### TASK
Copy out the data that comes next, character for character, and leave the images aside.

Data excerpts:
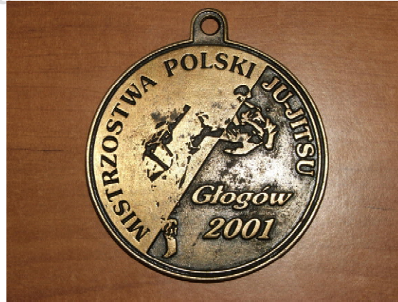
Fot. 11–12. Awers i rewers medalu MP w Głogowie / Photo 11–12. Averse & reverse of the NC medal Głogów 2001
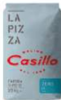
FARINA PER PIZZA O M KG 25
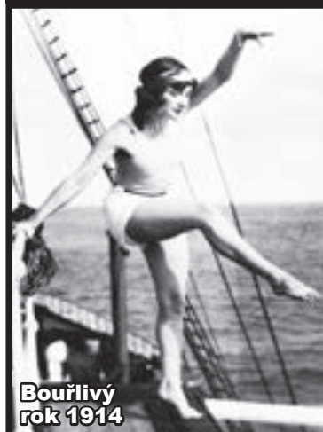
Bouřlivý rok 1914
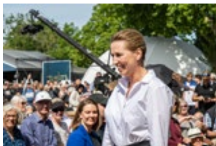
Statsminister Mette Frederiksen hygger sig

De to spor krydsede hinanden, da Bornholms Regionskommune ansøgte Indenrigs- og Sundhedsministeriet om støtte til afholdelse af en demokratifestival på Bornholm. Det blev begyndelsen til et formelt samarbejde, og da Folketingets partier også bakkede op om idéen, gik arbejdet med at arrangere den første udgave af Danmarks demokratifestival på Bornholm i gang.
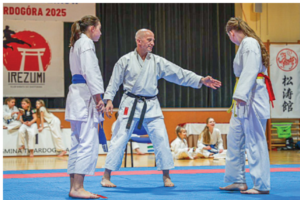
Zawodnicy prezentowali swoje umiejętności w kata i kumite

Klub Karate-Do Shotokan Irezumi zorganizował w marcu Ogólnopolski Turniej Karate Młodzików. Wydarzenie, które odbyło się w hali sportowo-widowiskowej Gminnego Ośrodka Sportu i Rekreacji w Twardogórze było pełne sportowej rywalizacji, ducha fair play i niezapomnianych emocji. Zawodnicy rywalizowali w różnych kategoriach wiekowych z podziałem na pasy, prezentując swoje umiejętności w kata i kumite. Po zaciętej rywalizacji najlepsi otrzymali puchary i medale.

### ANSWER SECTION
Fot. 11–12. Awers i rewers medalu MP w Głogowie / Photo 11–12. Averse & reverse of the NC medal Głogów 2001
FARINA PER PIZZA O M KG 25
Bouřlivý rok 1914
Statsminister Mette Frederiksen hygger sig

De to spor krydsede hinanden, da Bornholms Regionskommune ansøgte Indenrigs- og Sundhedsministeriet om støtte til afholdelse af en demokratifestival på Bornholm. Det blev begyndelsen til et formelt samarbejde, og da Folketingets partier også bakkede op om idéen, gik arbejdet med at arrangere den første udgave af Danmarks demokratifestival på Bornholm i gang.
Zawodnicy prezentowali swoje umiejętności w kata i kumite

Klub Karate-Do Shotokan Irezumi zorganizował w marcu Ogólnopolski Turniej Karate Młodzików. Wydarzenie, które odbyło się w hali sportowo-widowiskowej Gminnego Ośrodka Sportu i Rekreacji w Twardogórze było pełne sportowej rywalizacji, ducha fair play i niezapomnianych emocji. Zawodnicy rywalizowali w różnych kategoriach wiekowych z podziałem na pasy, prezentując swoje umiejętności w kata i kumite. Po zaciętej rywalizacji najlepsi otrzymali puchary i medale.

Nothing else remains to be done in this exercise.